Knowledge Type: DrugAlert

HPS Pharmacies wishes to advise that Sanofi-Aventis is discontinuing Vivaxim^® as follows:

Vivaxim^® Injection Syringe
Hepatitis a virus antigen + Salmonella typhi Vi polysaccharide
ARTG 82745

This product will no longer be supplied in Australia once the current stocks have been depleted. The last batches manufactured have an expiry date of 30 November 2024.

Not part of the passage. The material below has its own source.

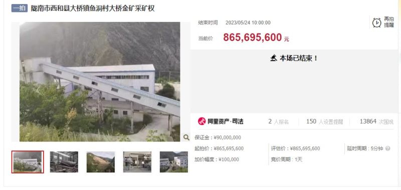 2023年5月23日到5月24日,甘肃省兰州市中级人民法院在淘宝网司法拍卖网络平台上,对甘肃省陇南市西和县大桥镇鱼洞村大桥金矿(大桥金矿)采矿权进行拍卖,起拍价8.6569亿元,2名买家报名入场,最终甘肃金舜矿业有限责任公司(甘肃金舜矿业)一次应价,以起拍价拿下。

Single antigen vaccines that may be considered as alternatives include:

• Avaxim^® (inactivated hepatitis A vaccine);
• Havrix^® 1440 (inactivated hepatitis A vaccine);
• Havrix^® Junior (inactivated hepatitis A vaccine);
• Vaqta^® (inactivated hepatitis A vaccine);
• Typhim Vi^® (salmonella typhi vi polysaccharide vaccine); and
• Vivotif^® Oral (oral typhoid vaccine).

Individual product information documents should be consulted for information on indications and administration instructions.

Sanofi-Aventis also anticipates that Avaxim^® may experience a supply shortage during April and May 2024.

Retain this notice in a prominent position, including in other related business units for at least one month. Report any problems identified with medicines, vaccines or medical devices to the TGA.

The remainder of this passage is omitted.